The first factor that will be reviewed is the time spent at the various locales. It is crucial that greater than 184 days be spent in Florida, and that such time be quality time. In other words, a client should undertake the kinds of activities that might normally be expected of a permanent resident, such as social activities and physicians’ visits, within the state. Vacations and occasional visits to family out of the state should not count against the individual, but it is helpful if family visits in Florida as much as is practical.
 
An additional trap that catches a number of people each year is the “retired” entrepreneur who does not really hand his business over to his successors. If an individual business owner or manager constantly calls, faxes, and emails to participate in making decisions or policy, or to supervise or to manage the business, an auditor will not be impressed by the fact that the individual physically left the state.

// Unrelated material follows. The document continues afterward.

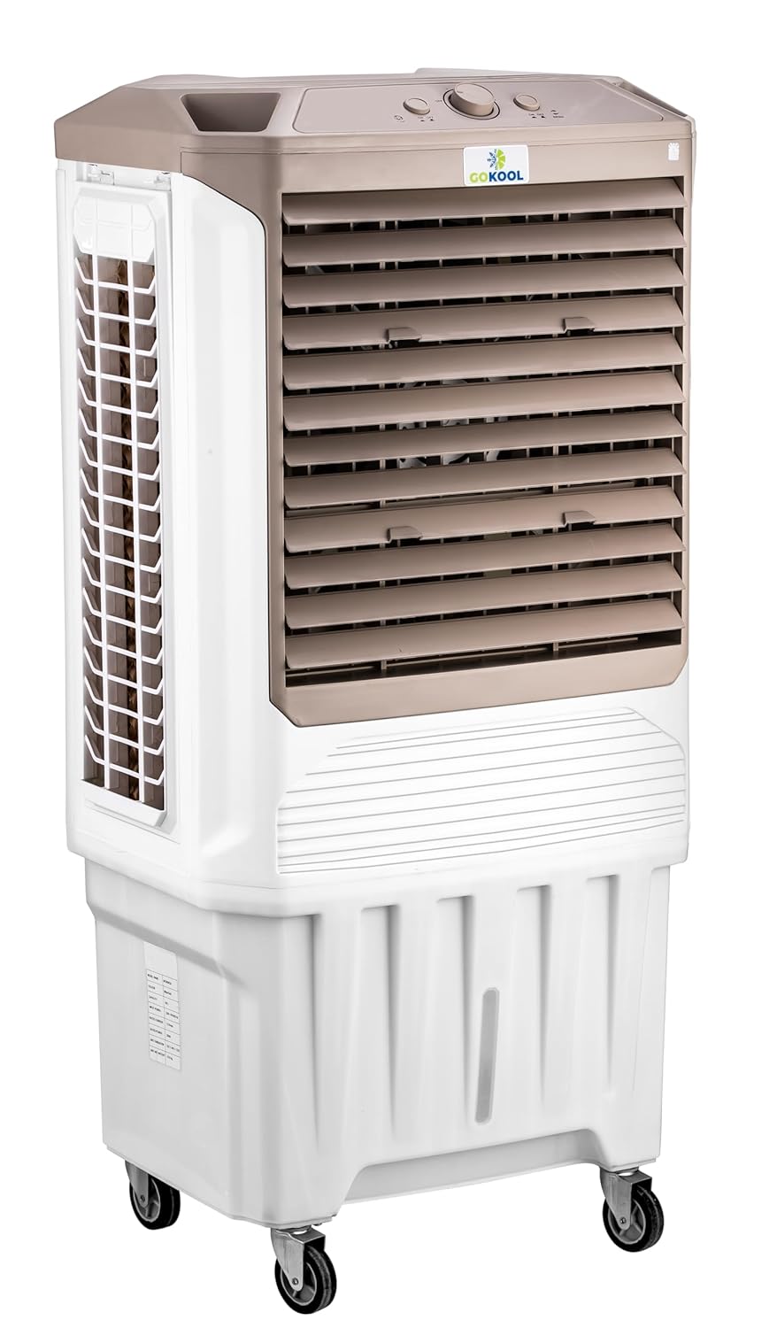 The Gokool WINGS 100 L Room/Personal Air Cooler is designed to deliver powerful and consistent cooling for large living spaces and commercial environments. Its large 100-liter water tank ensures longer cooling hours with fewer refills, while the advanced honeycomb cooling pads enhance evaporation efficiency for better cooling performance. Equipped with an energy-efficient motor, strong air delivery system, and easy mobility, the WINGS cooler is a reliable and economical solution for Indian summers.

The functional test of discontinuing the conduct of business in a state is not met simply by relocating if active management functions continue.
 
Another factor is the relative size of the residence in each state. Clearly, keeping the $10,000,000 family mansion in New York State and a $500,000 condominium unit here in Florida implies that the owner places more importance on life in New York than in Florida, especially if the Florida condominium is in a project typically occupied by non-residents. It may therefore behoove the would-be Floridian to sell the large residence located elsewhere and to buy something smaller in that state, if a residence will be maintained there.
An auditor may look at the kinds of furniture, furnishings and personal items kept in each locale. Often known as the “teddy bear rule”, the theory is that a person will keep items of significant sentimental value in his or her permanent place of residence. The items in question need not be expensive (although they could be items such as important artwork), but might include photo albums and family portraits, collections of favorite books, and family heirlooms.  
 
In close questions, there are other factors that an auditor may consider in determining domicile. The important thing is that clients be aware that these issues exist, that they can have serious repercussions, and that inquiries from a former state be answered only with the assistance of counsel or their CPA. Seemingly innocuous or routine inquiries may be the prelude to a more serious investigation and audit.